Start of Records for this exercise
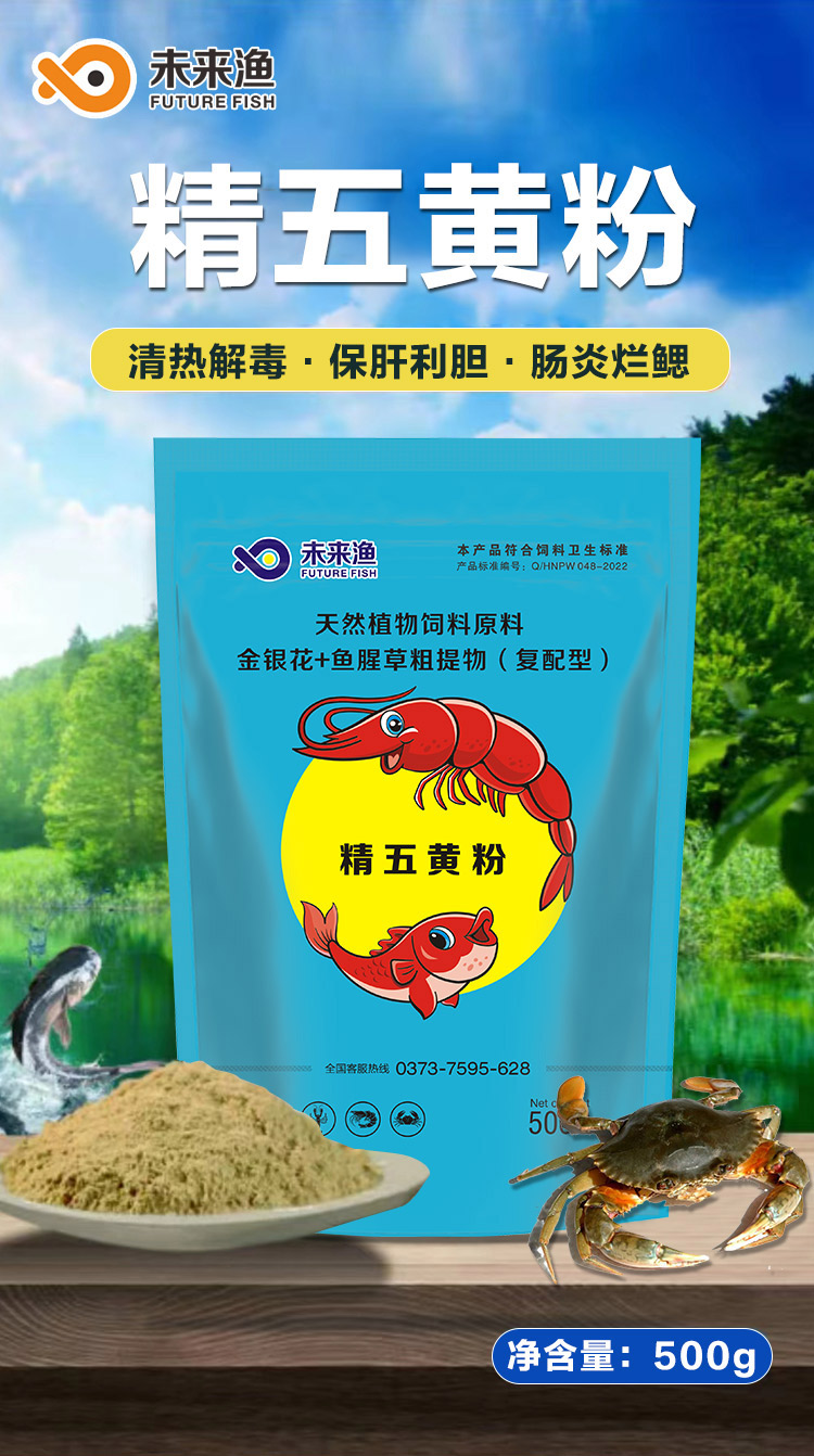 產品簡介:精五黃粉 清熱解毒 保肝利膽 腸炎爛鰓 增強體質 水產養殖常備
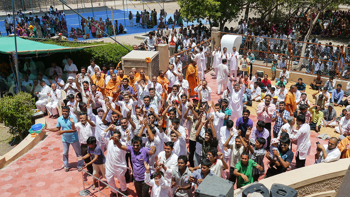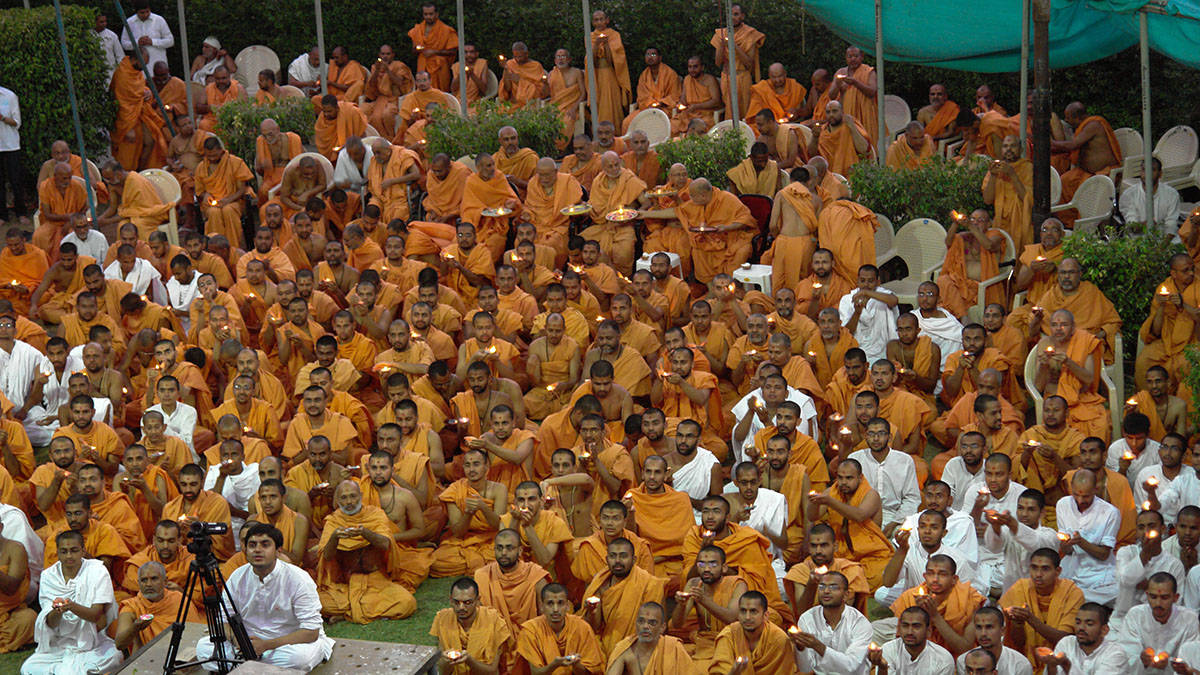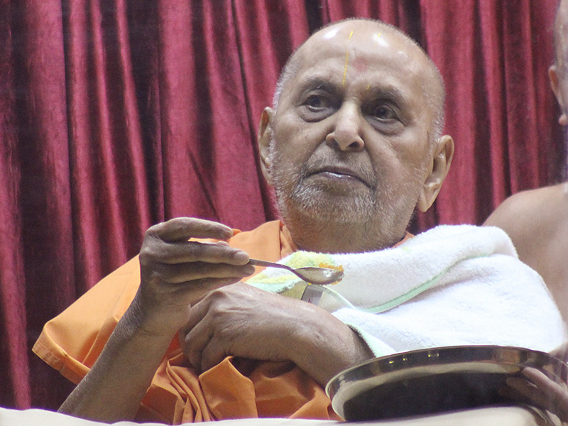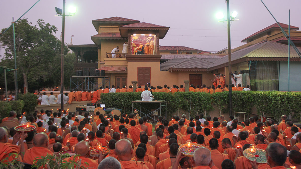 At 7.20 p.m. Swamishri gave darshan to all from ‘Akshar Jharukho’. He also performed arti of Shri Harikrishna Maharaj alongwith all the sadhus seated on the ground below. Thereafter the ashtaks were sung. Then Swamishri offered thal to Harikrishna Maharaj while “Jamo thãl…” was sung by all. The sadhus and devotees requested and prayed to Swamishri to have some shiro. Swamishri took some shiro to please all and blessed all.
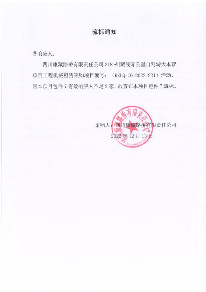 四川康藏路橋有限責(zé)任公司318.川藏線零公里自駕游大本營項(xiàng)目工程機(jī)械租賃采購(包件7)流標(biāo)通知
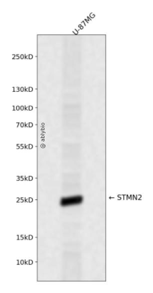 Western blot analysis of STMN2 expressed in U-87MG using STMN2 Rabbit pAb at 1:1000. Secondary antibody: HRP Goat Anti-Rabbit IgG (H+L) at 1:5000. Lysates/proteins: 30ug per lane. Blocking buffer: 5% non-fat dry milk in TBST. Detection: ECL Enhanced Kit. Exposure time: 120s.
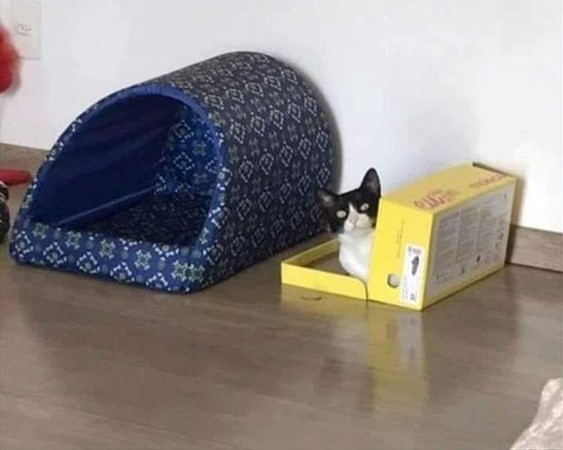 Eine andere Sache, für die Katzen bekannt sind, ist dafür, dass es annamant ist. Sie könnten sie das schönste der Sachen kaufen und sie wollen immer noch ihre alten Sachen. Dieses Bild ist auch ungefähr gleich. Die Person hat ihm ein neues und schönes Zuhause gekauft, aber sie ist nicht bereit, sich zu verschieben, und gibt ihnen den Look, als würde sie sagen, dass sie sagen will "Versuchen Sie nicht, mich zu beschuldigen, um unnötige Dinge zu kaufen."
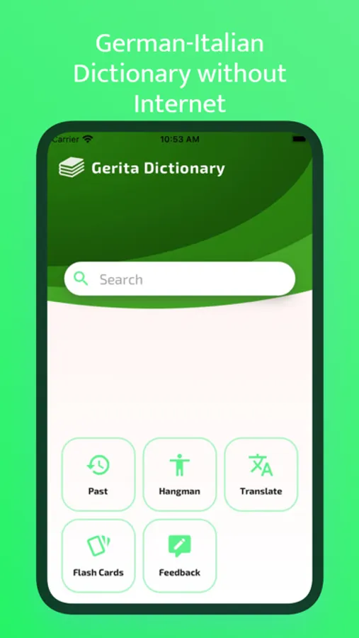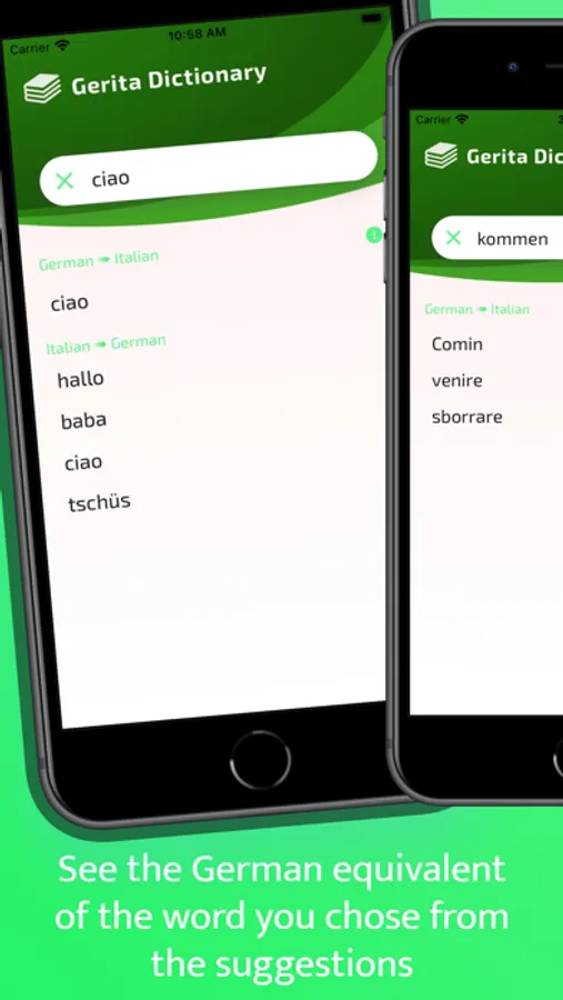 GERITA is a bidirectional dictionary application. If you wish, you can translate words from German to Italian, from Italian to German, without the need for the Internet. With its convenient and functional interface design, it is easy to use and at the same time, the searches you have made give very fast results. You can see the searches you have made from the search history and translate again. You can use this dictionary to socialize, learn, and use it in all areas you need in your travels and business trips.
End of Records for this exercise
Start of Records for this exercise
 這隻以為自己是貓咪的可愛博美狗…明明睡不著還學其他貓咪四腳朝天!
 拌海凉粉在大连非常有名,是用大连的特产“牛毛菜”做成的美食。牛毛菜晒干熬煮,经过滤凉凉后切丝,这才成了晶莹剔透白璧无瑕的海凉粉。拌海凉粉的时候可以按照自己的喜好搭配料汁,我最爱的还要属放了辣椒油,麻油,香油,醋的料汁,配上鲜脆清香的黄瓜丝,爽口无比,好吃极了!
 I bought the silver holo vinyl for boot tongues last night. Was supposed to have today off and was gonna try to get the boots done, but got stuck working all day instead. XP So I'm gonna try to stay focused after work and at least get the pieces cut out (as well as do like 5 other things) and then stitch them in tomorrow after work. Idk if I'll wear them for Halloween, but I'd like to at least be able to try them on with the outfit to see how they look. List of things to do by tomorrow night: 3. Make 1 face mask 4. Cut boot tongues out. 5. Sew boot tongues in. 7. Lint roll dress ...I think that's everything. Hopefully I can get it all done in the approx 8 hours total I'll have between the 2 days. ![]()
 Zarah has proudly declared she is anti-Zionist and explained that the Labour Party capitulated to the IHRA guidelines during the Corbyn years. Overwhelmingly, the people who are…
End of Records for this exercise
Start of Records for this exercise
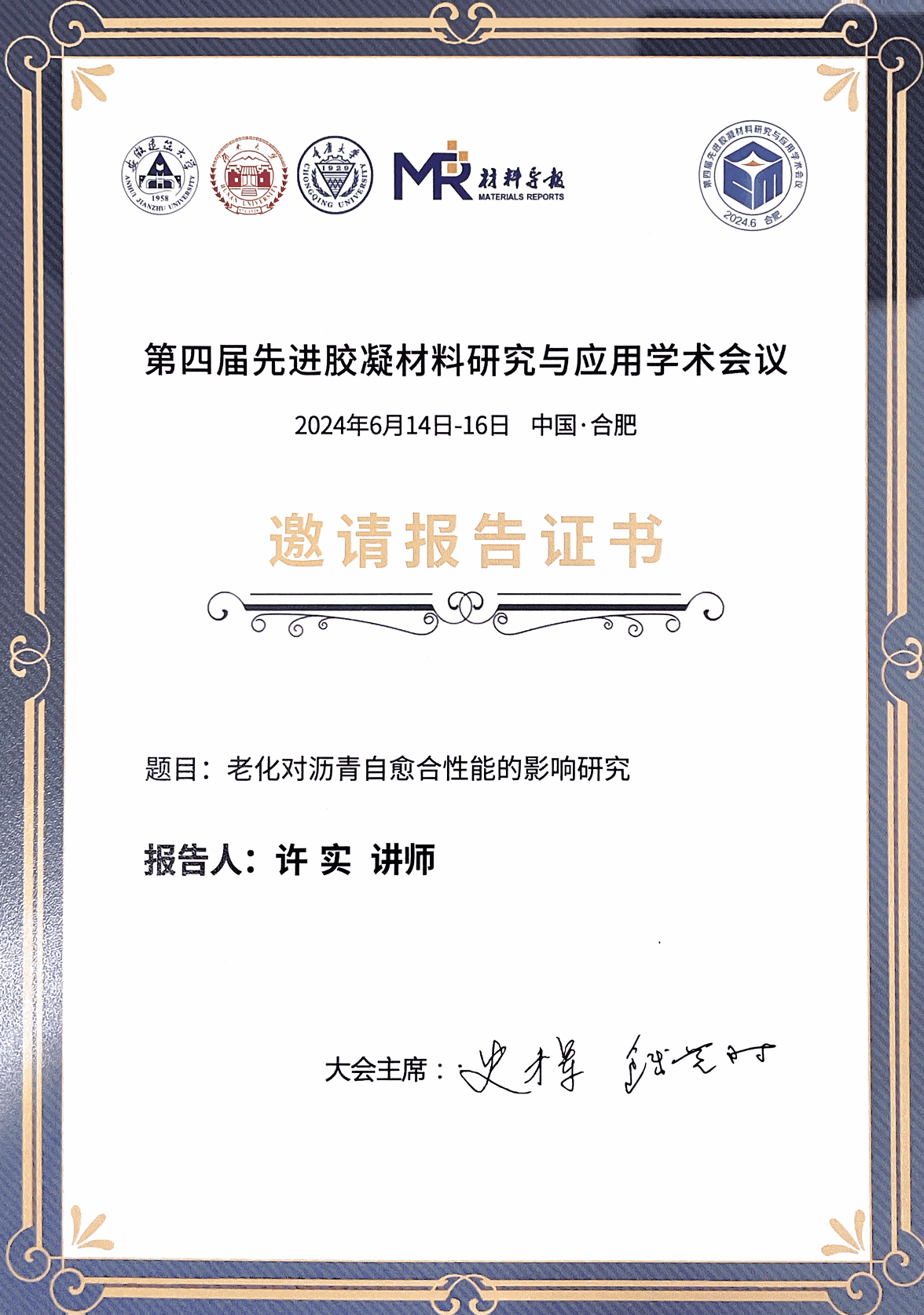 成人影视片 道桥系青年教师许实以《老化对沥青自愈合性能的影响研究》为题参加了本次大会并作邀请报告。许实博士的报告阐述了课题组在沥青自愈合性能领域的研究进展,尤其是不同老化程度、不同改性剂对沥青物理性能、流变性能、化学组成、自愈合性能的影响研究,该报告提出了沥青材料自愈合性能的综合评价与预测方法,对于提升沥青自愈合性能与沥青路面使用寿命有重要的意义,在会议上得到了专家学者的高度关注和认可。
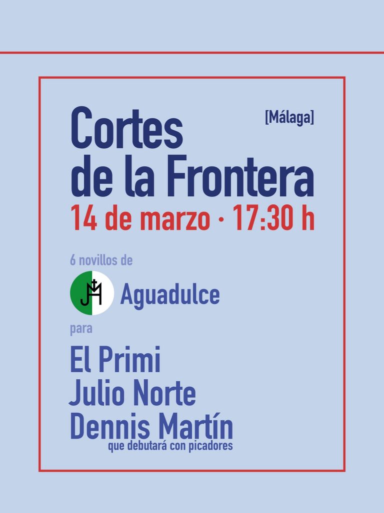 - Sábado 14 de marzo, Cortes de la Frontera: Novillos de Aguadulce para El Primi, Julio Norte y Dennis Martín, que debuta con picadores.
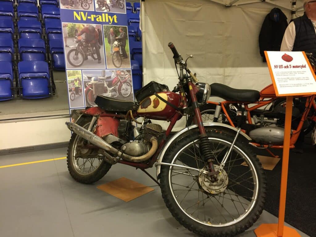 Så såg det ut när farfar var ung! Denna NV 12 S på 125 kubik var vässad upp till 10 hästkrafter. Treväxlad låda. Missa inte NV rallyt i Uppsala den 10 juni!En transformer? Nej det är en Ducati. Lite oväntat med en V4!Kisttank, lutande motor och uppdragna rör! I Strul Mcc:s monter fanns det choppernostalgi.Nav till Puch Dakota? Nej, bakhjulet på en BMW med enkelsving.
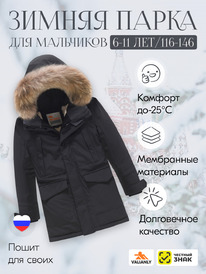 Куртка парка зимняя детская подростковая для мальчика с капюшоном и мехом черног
End of Records for this exercise
Print, exactly, each line above from the one with "產品簡介:精五黃粉 清熱解毒 保肝利膽 腸炎爛鰓 增強體質 水產養殖常備" to the one with "Eine andere Sache, für", end lines included. Leave pictures out of it.

#### Exercise solution
 產品簡介:精五黃粉 清熱解毒 保肝利膽 腸炎爛鰓 增強體質 水產養殖常備
 At 7.20 p.m. Swamishri gave darshan to all from ‘Akshar Jharukho’. He also performed arti of Shri Harikrishna Maharaj alongwith all the sadhus seated on the ground below. Thereafter the ashtaks were sung. Then Swamishri offered thal to Harikrishna Maharaj while “Jamo thãl…” was sung by all. The sadhus and devotees requested and prayed to Swamishri to have some shiro. Swamishri took some shiro to please all and blessed all.
 四川康藏路橋有限責(zé)任公司318.川藏線零公里自駕游大本營項(xiàng)目工程機(jī)械租賃采購(包件7)流標(biāo)通知
 Western blot analysis of STMN2 expressed in U-87MG using STMN2 Rabbit pAb at 1:1000. Secondary antibody: HRP Goat Anti-Rabbit IgG (H+L) at 1:5000. Lysates/proteins: 30ug per lane. Blocking buffer: 5% non-fat dry milk in TBST. Detection: ECL Enhanced Kit. Exposure time: 120s.
 Eine andere Sache, für die Katzen bekannt sind, ist dafür, dass es annamant ist. Sie könnten sie das schönste der Sachen kaufen und sie wollen immer noch ihre alten Sachen. Dieses Bild ist auch ungefähr gleich. Die Person hat ihm ein neues und schönes Zuhause gekauft, aber sie ist nicht bereit, sich zu verschieben, und gibt ihnen den Look, als würde sie sagen, dass sie sagen will "Versuchen Sie nicht, mich zu beschuldigen, um unnötige Dinge zu kaufen."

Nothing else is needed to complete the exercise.